Brian had always been a Christian. He had seen the cross carried in, just as we will in a moment. He had sung the hymns, prayed the prayers. But he didn’t understand the power of the cross until he had to walk that way. Ironically, he began walking that way when walking was no longer a physical possibility. He began that inward journey into his shame, into his guilt, into his transgressions, into his sin. He carried that heavy burden as he sat bound to a bed, confronted with the consequences of his decisions. There were days he asked God why he hadn’t died. That would’ve been easier.   

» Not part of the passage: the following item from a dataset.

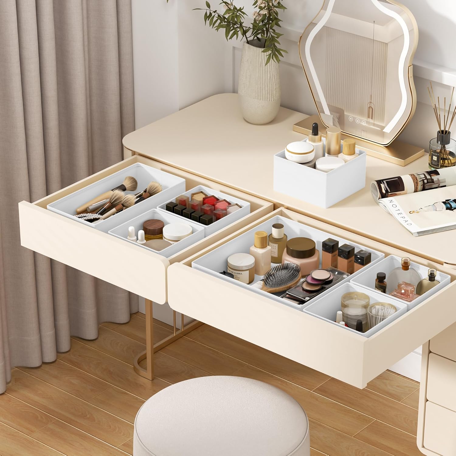 - Flexible Combination: This clothes organizer set includes 4 large square boxes (11.8" x 11.8" x 3.54"), 4 medium boxes (11.8" x 5.9" x 3.54"), and 8 small square boxes (5.9" x 5.9" x 3.54"), allowing for free combinations of 3 sizes for efficient and personalized organization. This dresser organizer is suitable for closets and other spaces

But he had lived. So he walked the way of the cross, the way of suffering, the way of shame, the way that Jesus walks today. Jesus’s way was a public way, down a street; Brian’s was a secret way, into the recesses of the heart and soul. But it was still heavy. He carried it until he had a dream one night. In it, he saw Christ, crucified, dying, breathing his last, at the foot of his bed. Above Christ’s head was the sign we read about: King of the Jews. And in his dream, next to that sign, there was a smaller note, stained with blood. It read, Brian’s affair. And before he commended his Spirit to the Father, Christ looked Brian in the face and said, “This is for you.” 

I don’t know what your note would say, but you probably do. I know what mine would say. Christ’s message is the same for us: This is for you. Forgiveness is possible for Brian because Christ has paid the price. Forgiveness is possible for all of us because God in Christ has paid the price for sin. God in Christ has died so a new way of grace can be opened up in our lives, freeing us from the weight of shame, lifting the burden of guilt, liberating us from the curse of sin, defeating the power of death and the devil himself. God has paid the price so we can be free and have life and peace.